TASK TO CARRY OUT
Reproduce the data exactly as given, except for any images.

DATA BLOCK
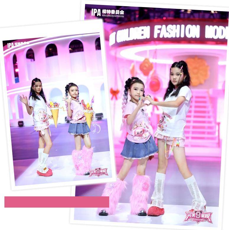 双人搭档秀,米淇米身着印有可爱图案的白色 T 恤,搭配俏皮短裙,简约又不失时尚感。长长的白袜搭配亮眼的红鞋,个性十足。她手持装满糖果的巨型甜筒道具,仿佛从童话中走来。她每一个转身、每一次抬眸都散发着独特魅力。与许灵月默契配合,两人宛如舞台上的双子星,共同演绎童真与时尚的融合。将活力与朝气尽情释放。她以灵动的姿态和灿烂的风采诠释着童模的无限可能,为这场搭档秀增添了一抹绚丽且难忘的色彩。
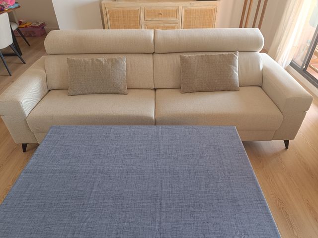 Sofá 2 plazas grandes beige deslizante y dos puff
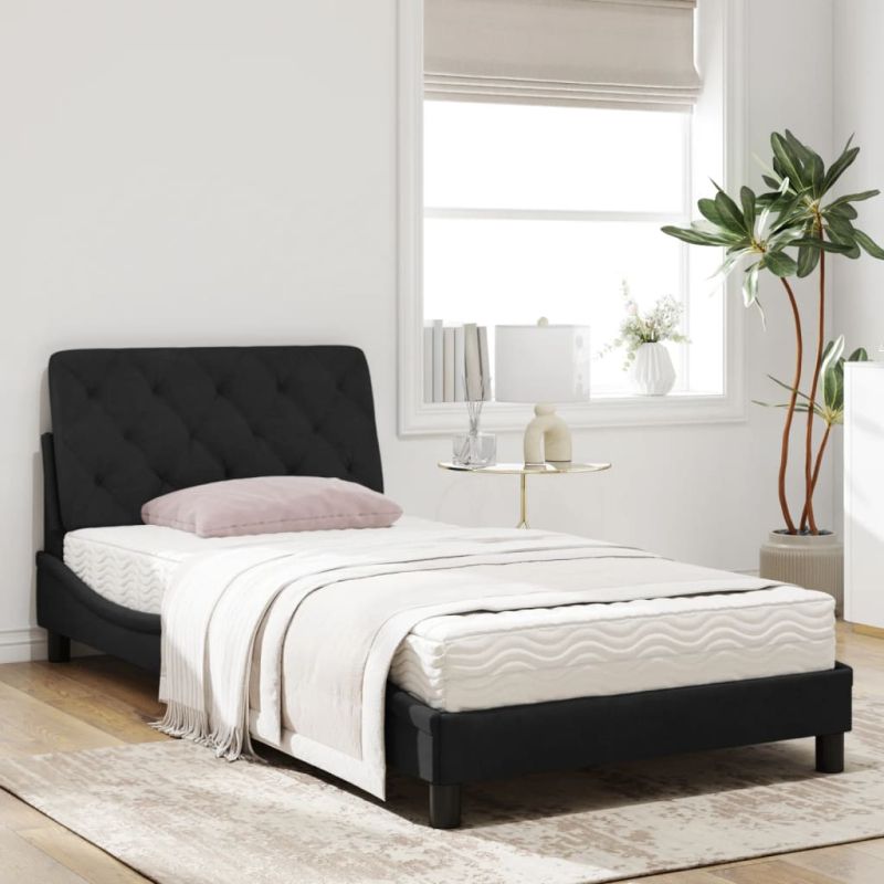 Начало Мебели Легла и аксесоари Легла и рамки за легла Легло с матрак, черно, 100x200 см, кадифе

REPLY
 双人搭档秀,米淇米身着印有可爱图案的白色 T 恤,搭配俏皮短裙,简约又不失时尚感。长长的白袜搭配亮眼的红鞋,个性十足。她手持装满糖果的巨型甜筒道具,仿佛从童话中走来。她每一个转身、每一次抬眸都散发着独特魅力。与许灵月默契配合,两人宛如舞台上的双子星,共同演绎童真与时尚的融合。将活力与朝气尽情释放。她以灵动的姿态和灿烂的风采诠释着童模的无限可能,为这场搭档秀增添了一抹绚丽且难忘的色彩。
 Sofá 2 plazas grandes beige deslizante y dos puff
 Начало Мебели Легла и аксесоари Легла и рамки за легла Легло с матрак, черно, 100x200 см, кадифе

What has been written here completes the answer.